What is the fast multipole method? The FMM is used as a Coulomb solver and allows to compute long-range forces for molecular dynamics, e.g. GROMACS. A straightforward approach is limited to small particle numbers N due to the O(N^2) scaling. Fast summation methods like PME, multigrid or the FMM are capable of reducing the algorithmic complexity to O(N log N) or even O(N). However, each fast summation method has auxiliary parameters, data structures and memory requirements which need to be provided. The layout and implementation of such algorithms on modern hardware strongly depends on the available features of the underlying architecture.
3D projection of the future workplace of a 2017 PRACE student at JSC
Project Mentor: Andreas Beckmann
Site Co-ordinator: Ivo Kabadshow
The student will familiarize himself with current state-of-the art GPUs (e.g. P100/R9 Fury) and accelerators (Intel Xeon Phi ‘Knights Landing’). He/she will learn how the GPU/accelerator functions on a low level and use this knowledge to optimize scientific software for CPUs/GPUs and accelerators in a unified code-base. He/she will use state-of-the art benchmarking tools to achieve optimal performance portability for the kernels and kernel drivers which are time-critical in the application.
Student Prerequisites (compulsory):
- Programming knowledge for at least 5 years in C++
- Basic understanding of template metaprogramming
- “Extra-mile” mentality
Student Prerequisites (desirable):
- HIP/CUDA or general GPU knowledge desirable, but not required
- C++ template metaprogramming
- Interest in C++11/14/17 features
- Interest in low-level performance optimizations
- Ideally student of computer science, mathematics, but not required
- Basic knowledge on benchmarking, numerical methods
- Mild coffee addiction
- Basic knowledge of git, LaTeX, TikZ
Just send an email … training material strongly depends on your personal level of knowledge. We can provide early access to the GPU cluster as well as technical reports from former students on the topic. If you feel unsure if you fulfill the requirements, but do like the project send an email to the mentor and ask for a small programming exercise.
Week – Work package
- Training and introduction to FMMs and hardware
- Benchmarking of kernel variants on the CPU/GPU/accelerator
- Initial port to HIP of one or two kernel variants
- Unifying the octree data structure for the CPU/GPU/accelerator
- Implementing multi-GPU support with HIP
- Optimization and benchmarking, documentation
- Optimization and benchmarking, documentation
- Generating of final performance results. Preparation of plots/figures. Submission of results.
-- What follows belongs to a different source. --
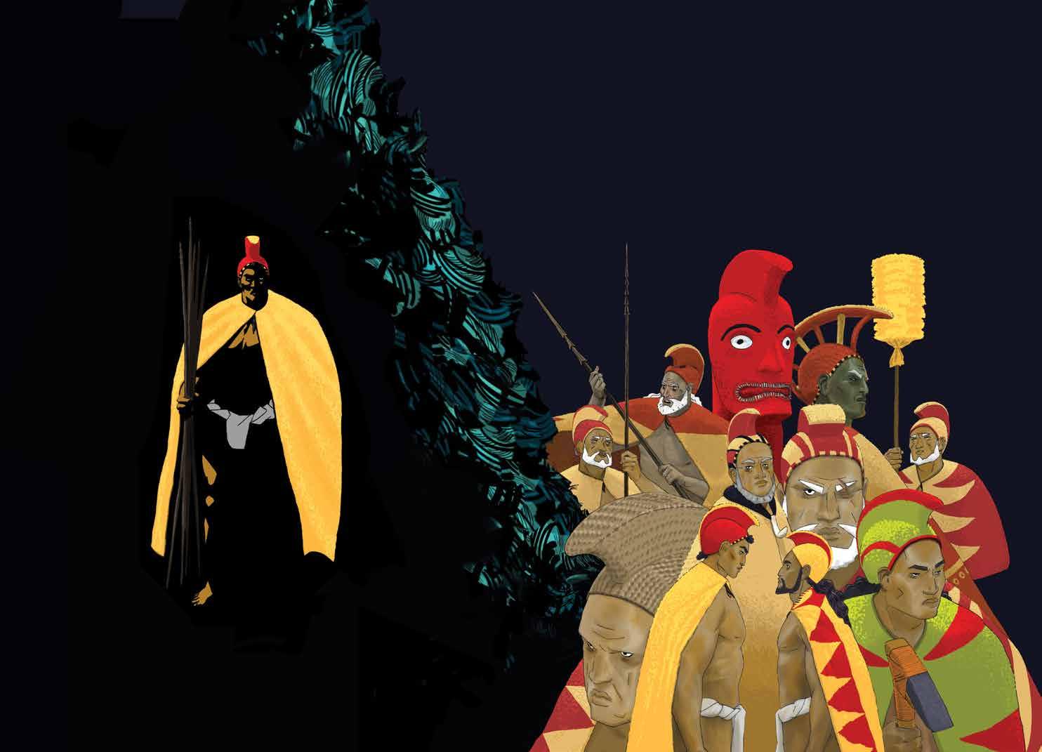Reflecting the dynamism of stories in every edition, our new issues are released with multi-cover runs to express the kaleidoscopic and shifting landscape of the islands. L to R: 1. Outskirts of the Forest Castle, an otherwordly painting featuring a heroine and nishikigoi; 2. As Hōkūle‘a sails off of Hōnaunau, the offwatch crew sings to her, including Kaipo, Joe Tassill, Steve Morse, Liko Martin, and Charlie.
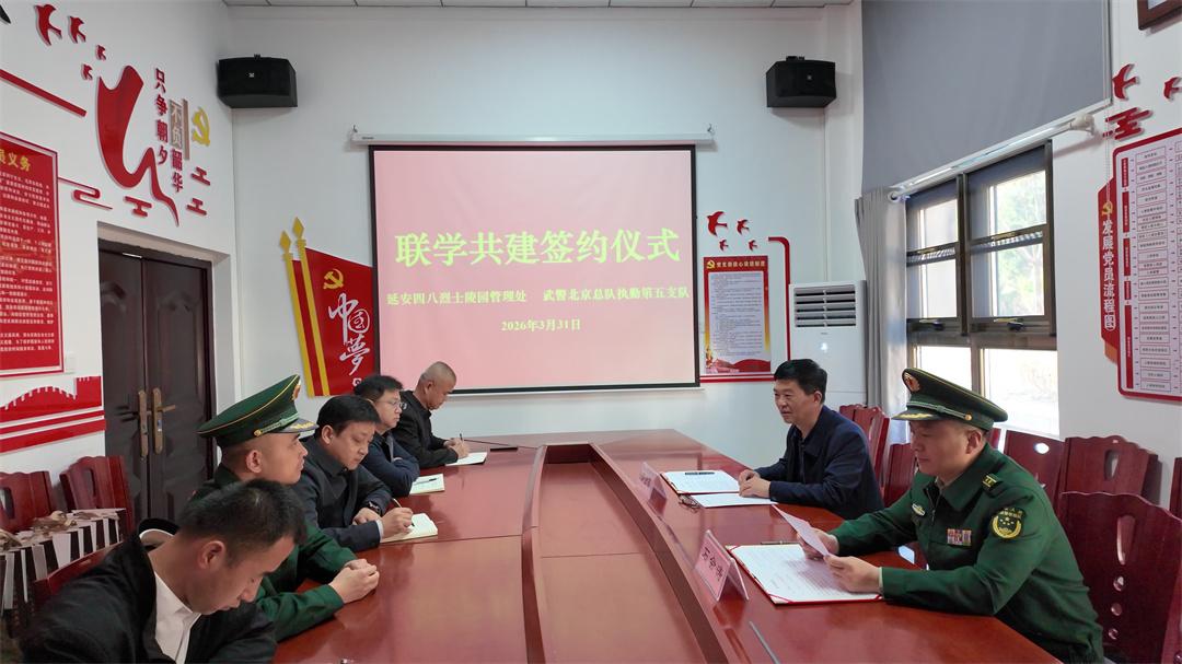 活動(dòng)現(xiàn)場,執(zhí)勤第五支隊(duì)與“四八”烈士陵園管理處共同簽署《紅色資源聯(lián)建共育協(xié)議書》,圍繞史料共享、教育聯(lián)動(dòng)、人才共育、陣地共建四大方向細(xì)化合作內(nèi)容,構(gòu)建起“線上+線下”“駐地+異地”“部隊(duì)+地方”三位一體紅色教育體系。

Final Product Description:
The end product will be an extended FMM within HIP to supportCPUs/GPUs/accelerators. The benchmarking results, especially the gain in performance can be easily illustrated in appropriate figures, as is routinely done by PRACE and HPC vendors. Such plots could be used by PRACE.
Adapting the Project: Increasing the Difficulty:
The kernels are used differently in many placesin the code. For example it may or may not be required to use a certain implementation of the an FMM operator. A particularly able student may also port multiple kernels. Depending on the knowledge level, a larger number of access/storage strategies can be ported/extended or performance optimization within the HIP framework can be intensified.
The student will have his own desk in an air-conditioned open-plan office (12 desks in total) or in a separate office (2-3 desks in total). He/she will get access (and computation time) on the required HPC hardware for the project and have his/her own workplace with fully equipped workstation for the time of the program. A range of performance and benchmarking tools are available on site and can be used within the project. No further resources are required. Hint: We do have experts on all advanced topics, e.g. C++11/14/17, CUDA in house. Hence, the student will be supported when battling with ‘bleeding-edge’ technology.